节点文献

基三体系结构存储系统相关问题的研究

【作者】 刘梦晓

【导师】 石峰;

【作者基本信息】 北京理工大学 , 计算机软件与理论, 2010, 博士

【摘要】 众所周知,多核处理器体系结构是下一代微处理器体系结构的主流,而该结构的一种具体实现方式为片上多核处理器(CMP),也称为多核微处理器。设计CMP的首要问题是选择程序执行模型,只有适当的执行模型才能最大限度地挖掘程序的并行性,最大化地利用CMP中多处理节点的潜能。面向对象是一种基于人类认知规律的方法学,它所倡导的抽象分层原则是解决复杂问题的关键。经过几十年的发展,面向对象模型已经显现出其适用于作为并发和分布式系统架构的前途。但是,计算机体系结构与程序设计语言之间越来越大的鸿沟导致程序运行效率越来越低,而当程序结构贴近目标机器多核体系结构时,机器的能力将会被彻底挖掘出来。

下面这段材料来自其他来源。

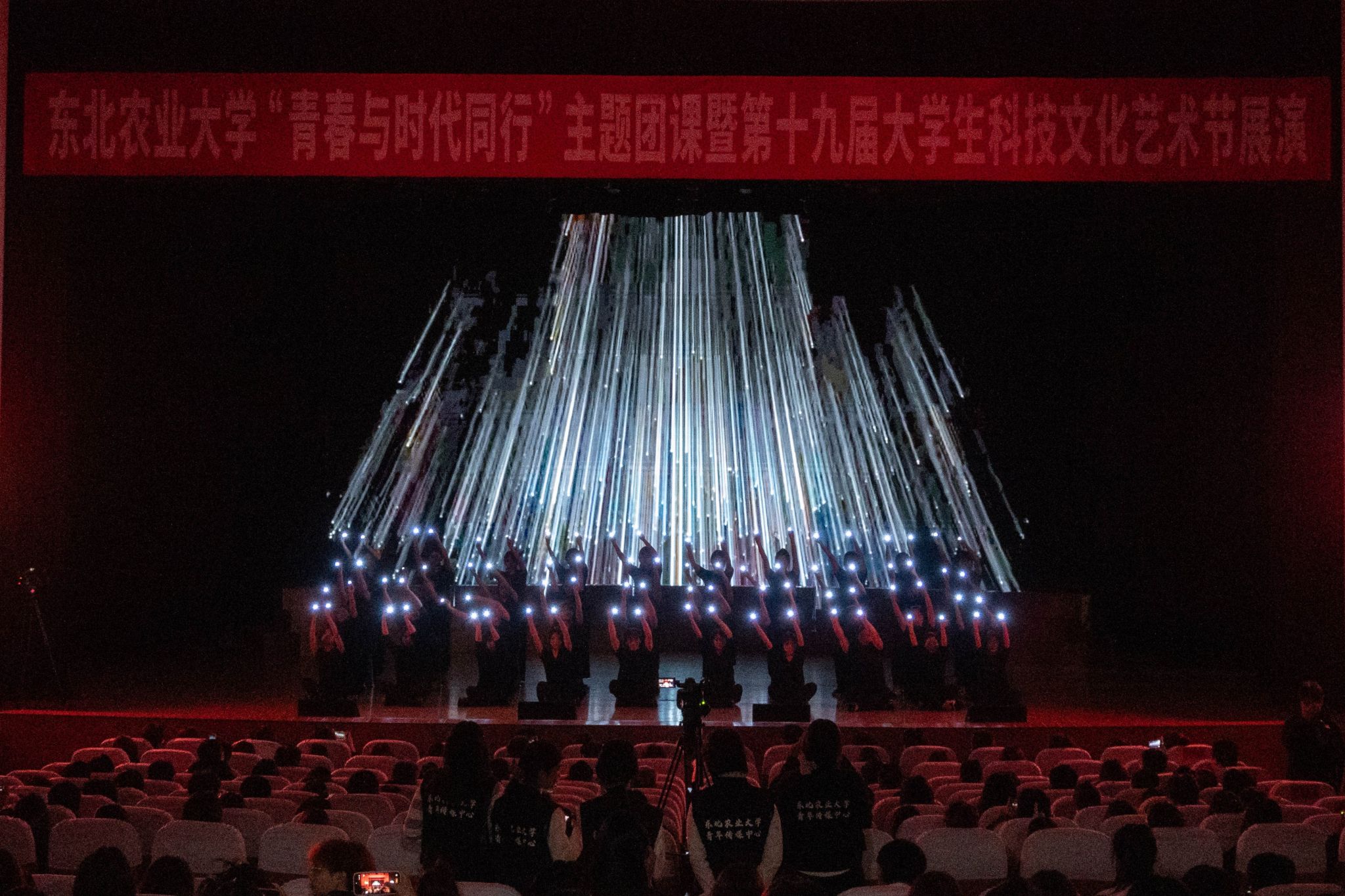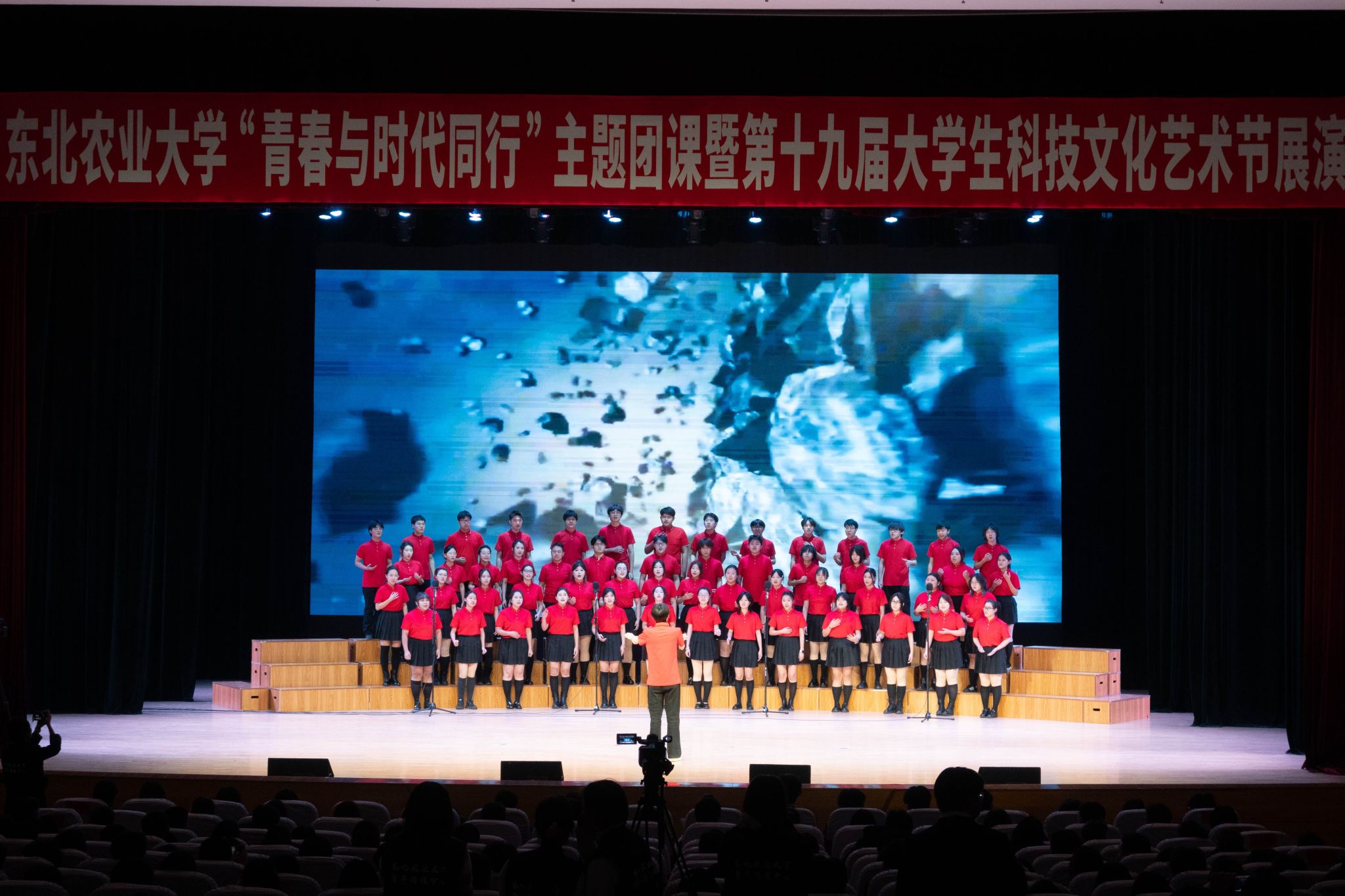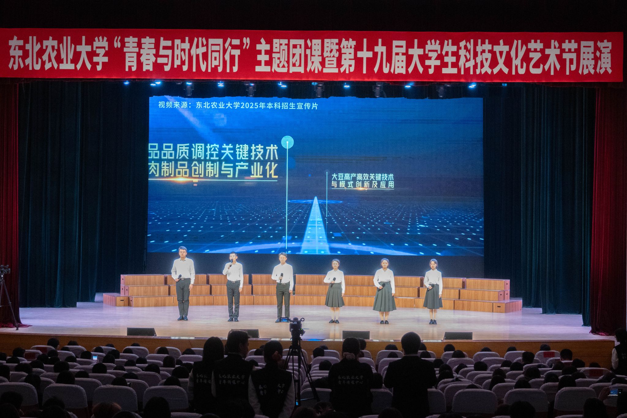 在《有我》的坚定信念中,“平视世界、开创未来的我们”在《跨越山河的奔赴》中,汇聚成奔涌向前的《浪潮》,展现了东农青年传承“薪火”,始终与时代同向、与祖国同行、用青春作答的“新我”担当。最后,全场师生用“我是东农人!我爱东农!我愿意东农好!”的铿锵作答,将整场活动的氛围推向高潮。
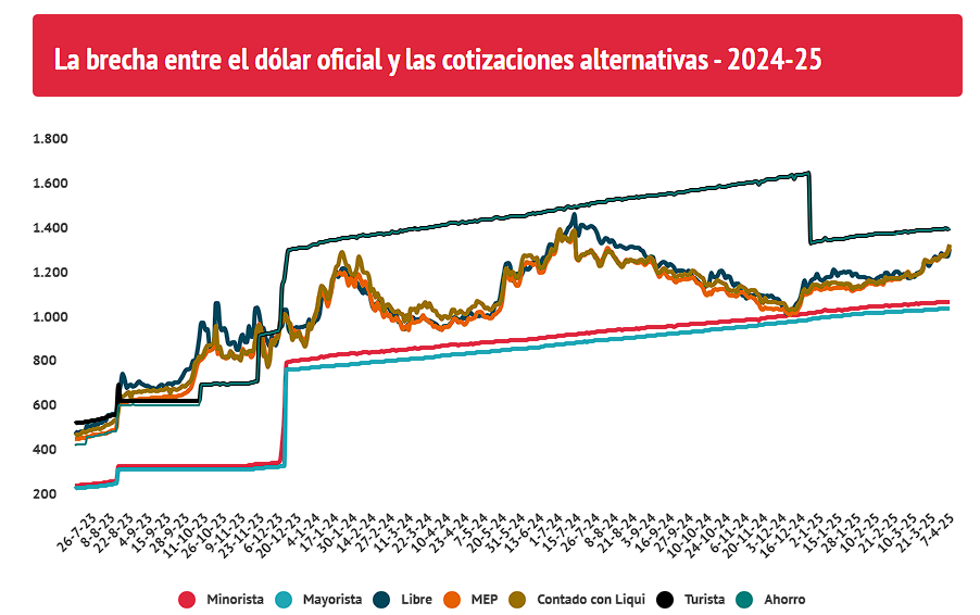 El dólar libre ganó 35 pesos o 2,7% este lunes, para terminar a $1.345 para la venta, el precio más elevado desde el 26 de agosto del año pasado. En lo que va de 2025, la divisa informal progresa 115 pesos o un 9,3%, por encima de la inflación del período. Con un dólar mayorista que finalizó sin variantes, a $1.076, la brecha cambiaria se amplió a 25%, la más grande desde el 22 de octubre del año pasado (26%).
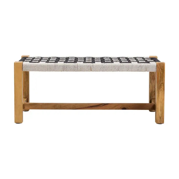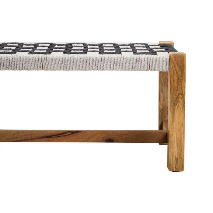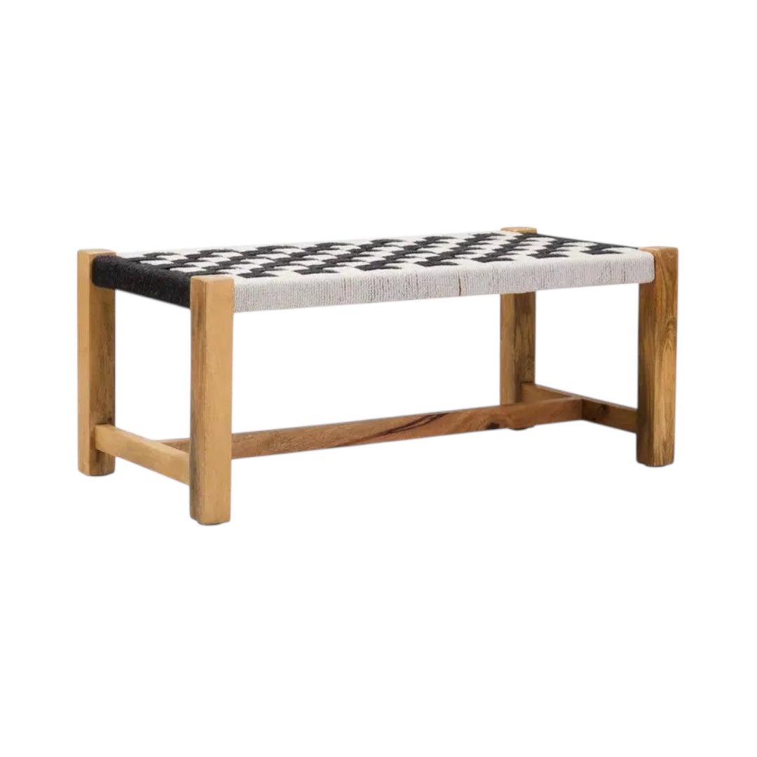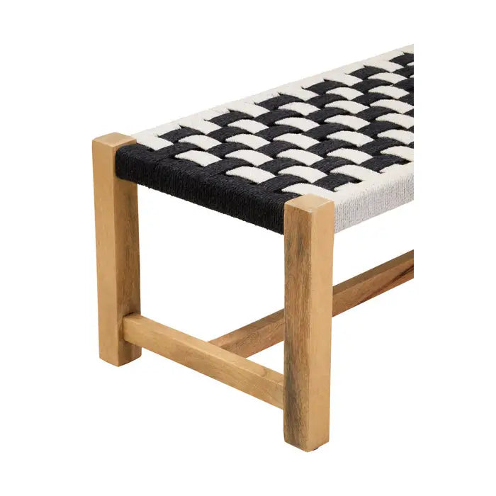 The Aguas bench boasts a black and white woven jute rope pattern supported by a sturdy mango wood frame, offering organic charm and simplicity.
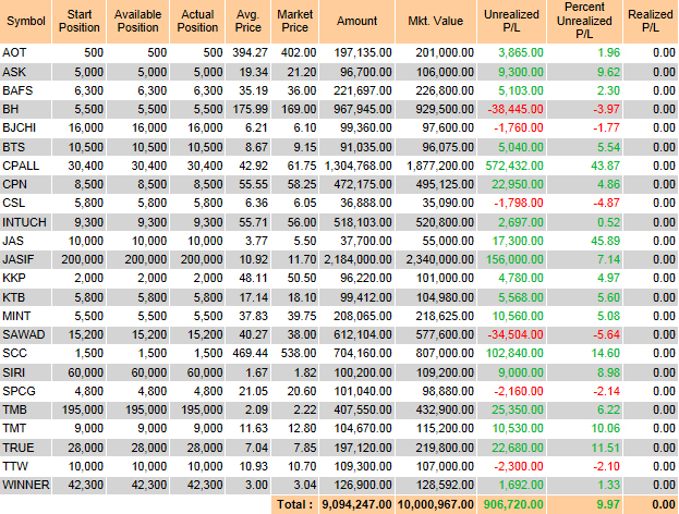 พอร์ทนี้เริ่มลงทุนช่วงกลางเดือน ต.ค. ปีที่แล้วดัชนีประมาณ 1440 ก่อนตลาดเทกระจาดพอดี เริ่มต้นประมาณ 2 ล้าน และลงทุนเพิ่มเรื่อยมาจนมาจบที่ 3.5 ล้านประมาณปลายปี หลังจากนั้นได้เงินมาลงทุนเพิ่มอีกครั้งกลางเดือน มิ.ย. ปีนี้ 5.3 ล้าน โดยได้เงินปันผลมาแล้วประมาณ 170000 และได้กำไรจากการซื้อขาย ประมาณ 60000 พอได้มาก็ซื้อหุ้นเพิ่มทันที ปันผลเฉลี่ยของพอร์ทนี้ประมาณ 4%

因此若能针对复杂问题的分解方式,将面向对象模型与多核处理器体系结构相结合,设计支持对象运行的多核处理器,不仅可以解决多核处理器下并行编程的问题,而且能够提高面向对象程序的运行效率。此外,由于传统共享总线通信结构中存在的延迟、通信性能瓶颈以及设计效率等问题,片上网络(NoC)被认为是一种更适合于构建多核系统的方式。本文基于一个以片上基三互连网络为拓扑结构搭建的支持面向对象范型的基三多内核体系结构——TriBA(Triple-based Architecture),并重点研究TriBA中存储体系结构的相关问题,以及支持面向对象思想的关键技术。研究内容及成果主要包括:(1)提出一种适用于TriBA体系结构的层次化分布式共享存储体系结构——HSMA(Hierarchical Shared Memory Architecture),以及适用于该存储结构的部分包含存储映射策略。HSMA在并行多端口共享存储器的支持下,采用了将分布式存储器和共享存储器相结合的方法,有效的体现并支撑了TriBA的运算和通讯局域性,为TriBA提供了高效的存储访问支持。给出了HSMA的具体设计方案及实现策略,对分布式系统的存储体系结构设计具有很好的指导意义。此外,结合TriBA支持面向对象的特点,设计了一种新的部分包含缓存映射策略,研究表明该种方法着重关注系统层次特性、面向对象特性及协同工作特点,对于HSMA具有很好的适应性和灵活性。(2)研究TriBA系统对面向对象思想的支持方法和实现机制。介绍了面向对象程序在TriBA中的软件运行模型,并从面向对象特征实现和面向对象语法支持的角度提出了具体方案。由于TriBA中以对象为基本处理单元,因此为对象在系统中的存储、访问和管理设计了对象全局唯一标识和分类多级对象表结构。此外,设计了用有限的对象标识位数表示系统中不断生成的对象的方法,即可重用对象表及对象编号重用算法。最后,给出了对象寻址过程,包括对象地址空间划分和访问及对象地址转换。(3)设计TriBA片上多核系统中用于系统通讯的消息机制。给出了消息请求和消息对象的具体格式,以及消息机制的运行方法。在比较了基三网络与2D-Mesh的拓扑特点之后,得出了基三网络用来构建多核处理器上的核间互连网络的优越性。针对TriBA基三网络的传输瓶颈问题,充分利用基三网络的局域性特点,提出了提高系统通讯效率的两点措施,并重点探讨了TriBA层次化分布式共享存储结构对系统通讯的辅助作用。结合通讯方式及消息内容,为系统设计了六种通讯消息类型,其中具体研究了每种消息的运行过程和适用领域。最后从理论上和模拟实验结果上证明该种消息机制的高效性及适用条件。(4)提出一种公平的动态分时复用共享存储器带宽的存储访问调度机制——DBTDMA(Dynamic Bandwidth Time Division Multiplex Access),用于解决多核计算机系统中由于处理核间竞争共享资源而加重存储墙的问题。随着处理器性能的不断提高,存储系统的速度已经逐渐成为整个系统的性能瓶颈。随着处理器中处理核数量以及应用程序中线程数量的增加,越来越多的应用程序的性能将受制于作为共享资源的处理器存储系统带宽的限制,这个问题在TriBA系统中体现在同组处理核对组内共享存储与组间共享存储之间数据通道的争用。为共享存储器设计一种新的访存请求响应的调度机制,并提出一种可变优先级仲裁及调整策略,实现对多处理核访存请求的公平响应和动态规划。实验结果表明DBTDMA机制避免了访存请求无法预料的长时间等待或饿死,并且缩短了存储访问响应的平均延迟。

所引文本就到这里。